TID is starting to have a problem that only appears after a room becomes real.

At the beginning, the problem is absence.

There is nothing there yet.

Then the problem becomes output.

Can the room hold enough objects to justify its own existence?

But after that, a different problem arrives.

Not whether the room contains anything.

Whether the room is telling the truth about what it contains.

TID is now in that third phase.

It is no longer empty.

It is not one finished app.

It is not one maturity level.

It is a room with live tools, public data doors, desktop objects, prototypes, concept calculators, and a few things that became public before they became fully settled.

That is not an accident in the description.

That is the actual condition of the room.

The harder question now is whether TID itself is saying that condition clearly enough.

This is the update I think the room currently needs.

The Strongest Public Objects Right Now

The Other Scoreboard

The Other Scoreboard is one of the cleanest things in TID because it has discipline.

It takes one narrow question, how expectation and outcome diverge in Eurovision, and turns that into a public object without pretending to be a prediction engine, gambling product, or universal culture theory.

That restraint is part of the strength. It knows its archive. It knows its boundary. It knows what it is measuring and what it is not.

That is why it currently sits near the top of the room.

Current status: one of the strongest public objects in TID, around 8/10.

Eurovision Explorer

Eurovision Explorer is not small, but it is real.

It is already a usable archive surface. A person can enter with a country question, a pattern question, or simply curiosity, and come out with something more structured than before.
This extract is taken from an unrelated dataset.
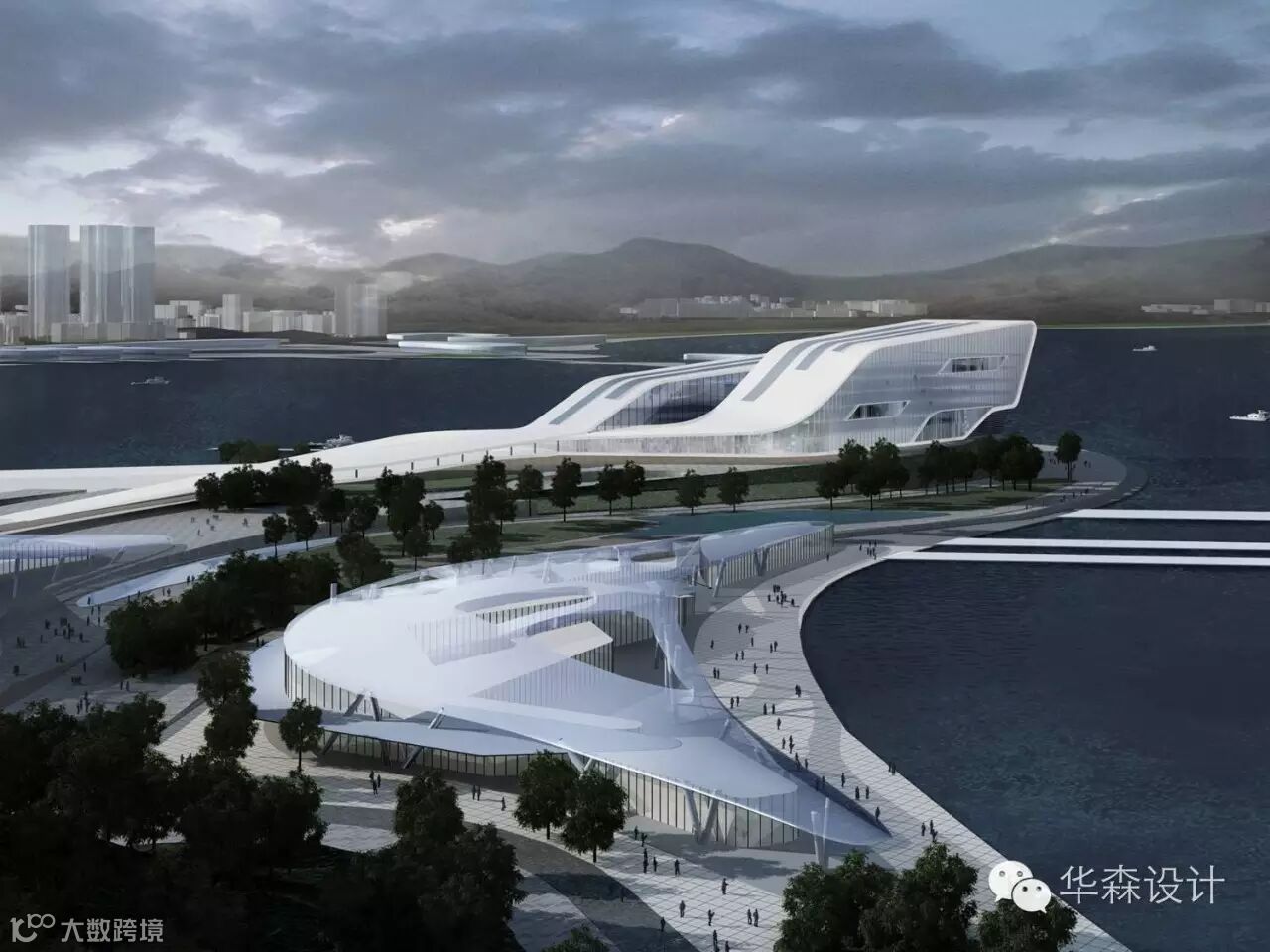 设计概念始于把海湾与岛屿融入城市的整体构架,将该区域建设成珠海的文化中心之一,强调珠海作为港口和旅游城市与海洋的紧密联系,鼓励人们亲近海洋,接触本土文化。方案将生态、文化和人工因素相结合。将音乐和自然抽象成波浪曲线,将动态的形式赋予建筑形态之中,变化和流动,在不同的高度相互融合交错。两条交错的波浪结构创造了清晰的形态、强烈的标志性和中心感,成为区域以及城市的地标。项目地址:广东珠海

Its main strength is that it feels like an actual instrument rather than an isolated demo. Its weakness is that it is still carrying roughness in presentation and finish. It is public and clearly useful, but it is not yet as sharp as its own ambition.

Current status: strong public tool, but not fully finished, around 7/10.

Windowsill

Windowsill already has enough structure to feel like a real future system instead of a cute experiment.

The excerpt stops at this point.